Courses and certifications Open Source

Big data

Apache Spark for Data Engineers - Advanced Optimizations

15.000 CZK

Price (without VAT)

1. 8. 2025

virtual

Back

Apache Spark is a general purpose computing engine that provides unified framework for big data processing, ad hoc analytics, machine learning, graph processing and streaming. For the past few years Spark is becoming standard for handling these workloads not just in the big data ecosystem. It’s popularity is growing also because of the high level DataFrame API that allows to express business logic in very high level and expressive way.

This training is oriented on advanced topics of Spark SQL that have impact on the resulting performance of Spark jobs such as optimizing execution plans, elimination of shuffle, choosing optimal distribution of data, reusing efficiently computation and others. The goal of this training is to learn some techniques for achieving maximal performance.

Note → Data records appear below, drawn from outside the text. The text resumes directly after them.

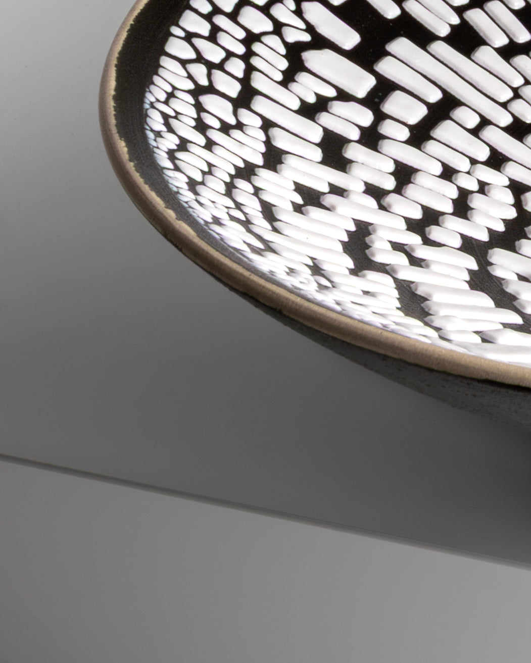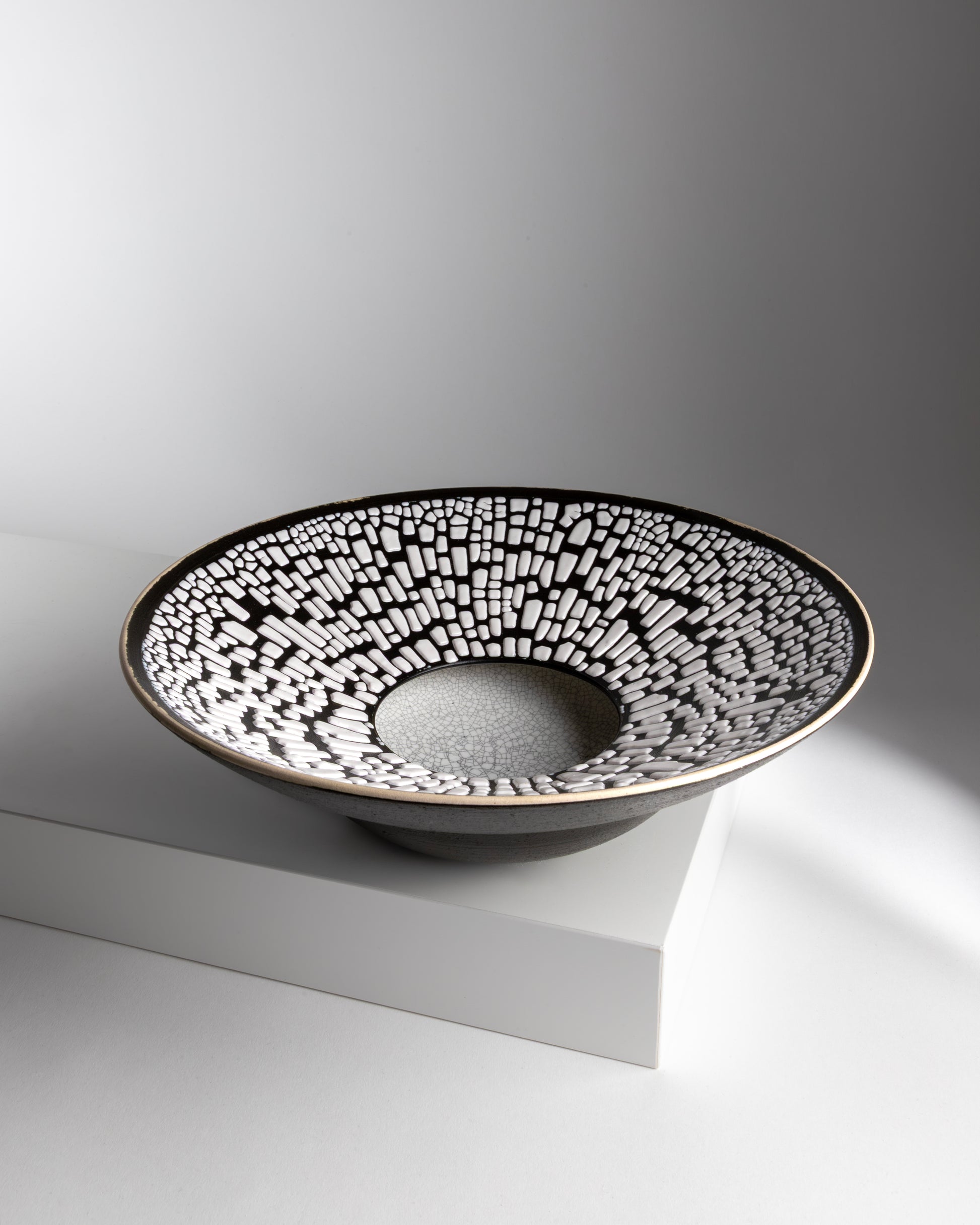 Large elegant thrown bowl thrown in 2 sections, turned, joined and turned to the final form. A thin black decorative slip has been applied to the outer surface providing a striking silhouette in profile. The terraced double internal bowl features a Kuan crackle glaze in the lower volume, complimented by a heavy crawling glaze on the upper surface. The rim is hand eroded to reveal the underlying off-white stoneware clay. The piece is signed and dated on the base.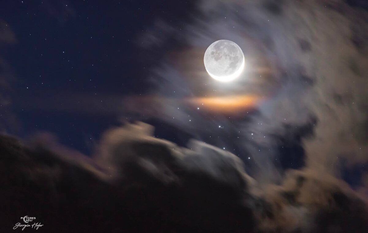 Дата: 2026-04-24 Автор снимка: Giorgia Hofer Озарённые солнцем рога молодого полумесяца, кажется, обнимают тёмную ночную сторону Луны на этом драматичном снимке, сделанном с планеты Земля. Что на этом кадре? Единая телеобъективная экспозиция была сделана ночью 19 апреля, когда двухдневная Луна находилась в перигее своей эллиптической орбиты. В ту же ночь молодая Луна оказалась на небе рядом с Плеядами - звёздным скоплением Семь Сестёр. Лунная корона: Млечный свет Плеяд собрался под ярким серпом Луны, видимым сквозь бледную, но красочную лунную корону (явление, вызванное дифракцией света на облаках). Пепельный свет: Ночная сторона Луны освещена пепельным светом - солнечным светом, отражённым от Земли. Это явление ярче проявляется весной в северном полушарии. Сейчас орбита Луны проходит рядом со звёздами Плеяд в земном небе примерно раз в месяц. Но наиболее зрелищные соединения видны именно в фазе молодого полумесяца. 👩🚀 Подписаться на канал. #Луна #молодаяЛуна #Плеяды #пепель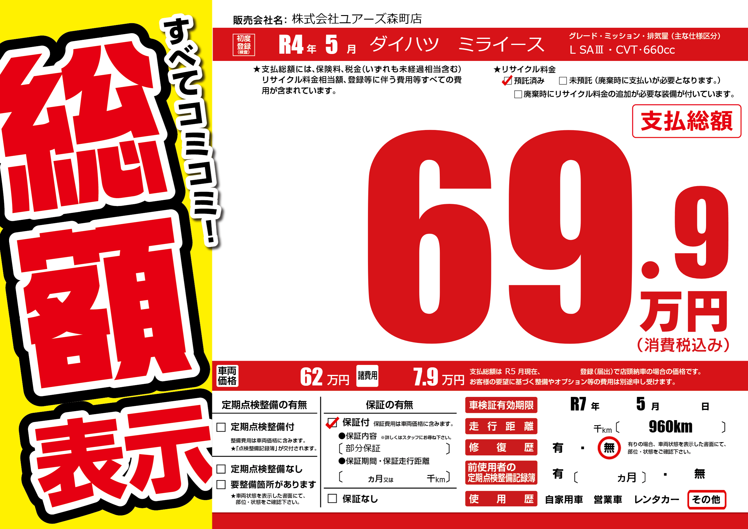 | 走行キロ | - | 初年度登録 | R4年5月 |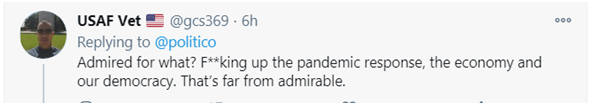 一些網友則表示,“尊敬他什麼?搞砸了疫情應對、經濟和我們的民主。離受尊敬還差得遠呢。”↓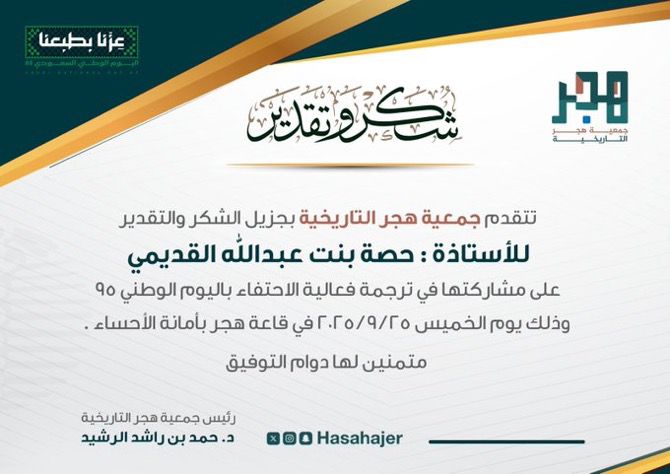 ‏تتقدم جمعية هجر التاريخية بجزيل الشكر والتقدير للأستاذة : حصة بنت عبدالله القديمي على مشاركتها في ترجمة فعالية الاحتفاء باليوم الوطني ٩٥ وذلك يوم الخميس ٢٥ / ٩ / ٢٠٢٥ في قاعة هجر بأمانة الأحساء .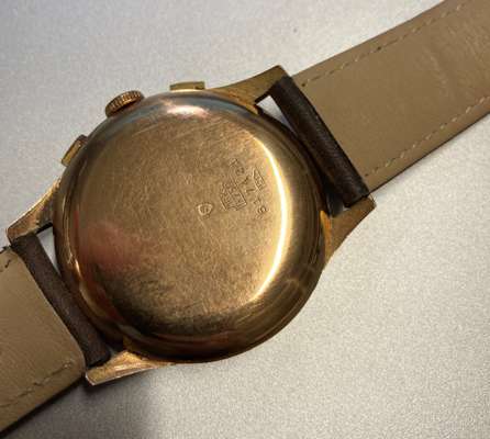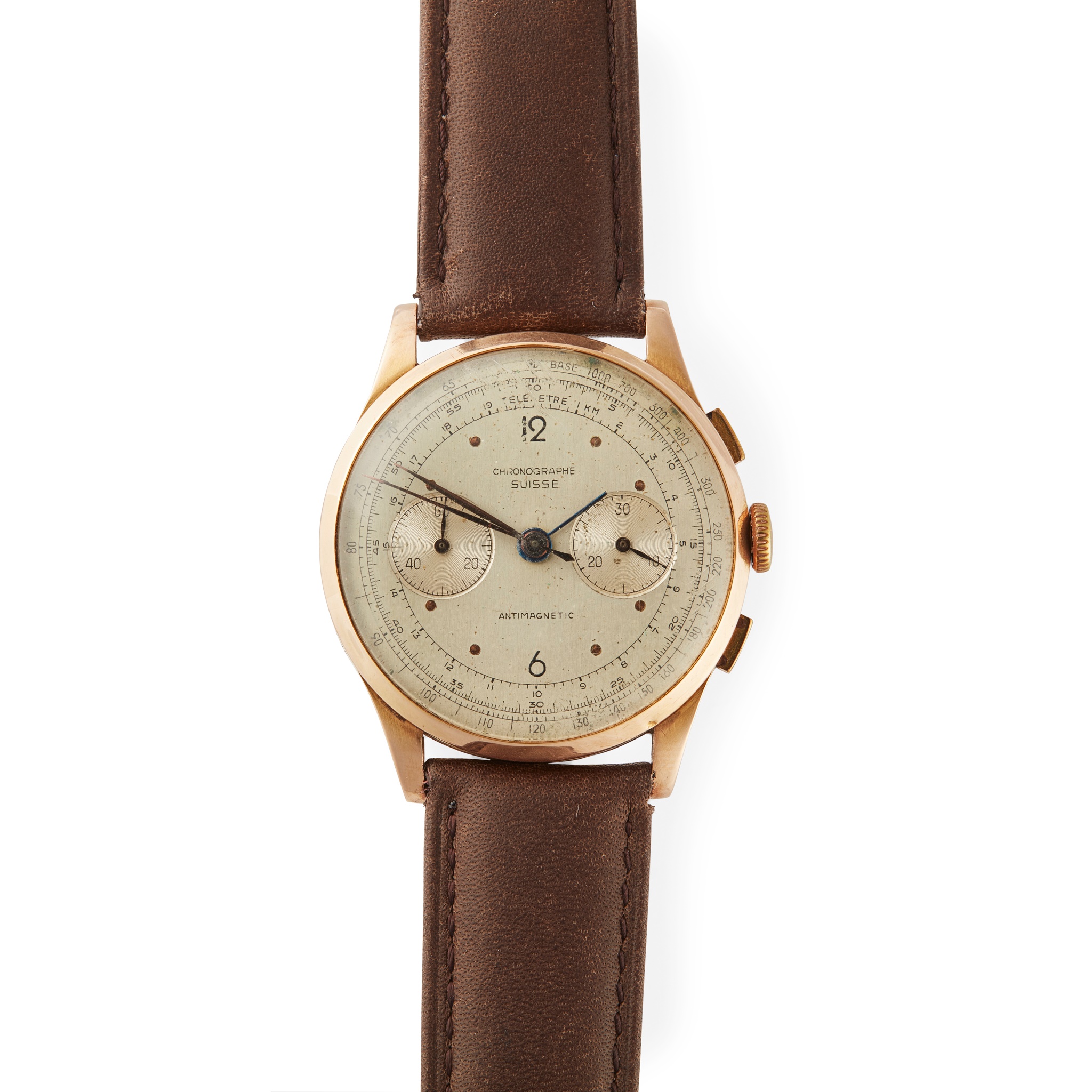 1940s, 18ct gold case with unsigned manual wind movement, round silver coloured dial with Arabic 12 and 6 and dot hour markers, sunken subsidiary 30 minute register and small seconds at 3 and 9, outer telemetre scale, seconds and tachymeter scales in black, leaf style hands, crown and two push buttons, metal movement cover, on a modern generic strap, lacking box and papers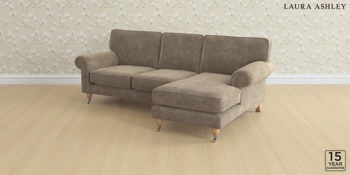 6.12.1 Buy Kingston by Laura Ashley Medium Sofa Chaise - Right Hand Alwyn Velvet Truffle Natural Low Chrome Castor - Light Oak from the Next UK online shop Click here to use our accessible website
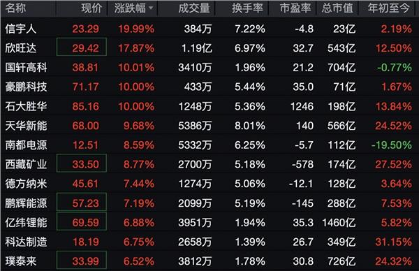 锂电池产业链震荡拉升,信宇人20%涨停,国轩高科、豪鹏科技、石大胜华等多股涨停,亿纬锂能一度大涨超8%。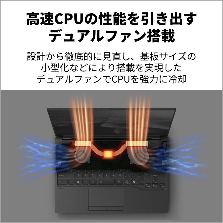 CPUを強力に冷却するデュアルファンを搭載することで28WのCore Ultra 7 155Hの性能を引き出し、より快適な作業を行えます。

The training is taught using the programing language Python in the Spark local mode (Spark 3.2 with Jupyter in notebook).

Audience

Data Engineers, scientists and other users of Spark that already have some prior experience with the engine and want to get deeper knowledge and learn how to optimize Spark jobs and achieve maximal performance.

Goals

Participants will learn:

Understand and interpret execution plans in Spark SQL
Rewrite query in order to achive better performance
Use efficiently some internal configurations
Using Spark prepare data for analytical purpose
Find the bottleneck of a Spark job

Guarantor of the Training

David Vrba Ph.D.

David Vrba Ph.D. works at Socialbakers as a data scientist and Spark consultant. On daily basis he is optimizing ETL pipelines built in Spark and develops jobs that process data on the scale up to tens of TBs. David is also lecturing Spark trainings and workshops and during the last two years he trained in Spark several teams including data engineers, data analysts and researchers. David is also contributing to the Spark source code and is active in the community by giving public talks at conferences and meetups such as Spark + AI Summit, MLPrague or Spark + AI Prague Meetup.

Outline

Spark SQL internals (Query Execution)

Logical planning (Catalog, Analyzer, Cache Management, Optimizer)
- Catalyst API
- Extending the optimizer
- Limiting the optimizer
Physical planning
- Query planner, strategies
- Spark plan
- Executed plan
- Understanding operators in the physical plan
Cost based optimizer
- How cost-based optimizations work
- Statistics collection
- Statistics usage

Query optimization

Shuffle elimination
- Bucketing
- Data repartition (when and how)
Optimizing joins
- Shuffle-free join
- One-side shuffle-free join
- Broadcast join vs sort-merge join
Data reuse
- Caching
- Checkpointing
- Exchange reuse

Optimization tips

Choose the appropriate number of shuffle partitions
Nondeterministic expressions
Configuration settings

Data layout

Different file formats
- Parquet vs Json
Partitioning and bucketing
- How bucketing works
- How to ensure the proper number of files
Tables management
- Working with the Catalog API
Delta-io
- Open-source storage layer with ACID transactions

Prerequisites

This is a follow-up training to the course Apache Spark - From Simple Transformations to Highly Efficient Jobs where people get (among other things) solid understanding of DataFrame API and basic knowledge about internal processes in Spark.

To get the most out of this training it is recommended to have some previous experience with Spark (for example on the level of the aforementioned course), know the DataFrame API and understand basic principles of distributed computing.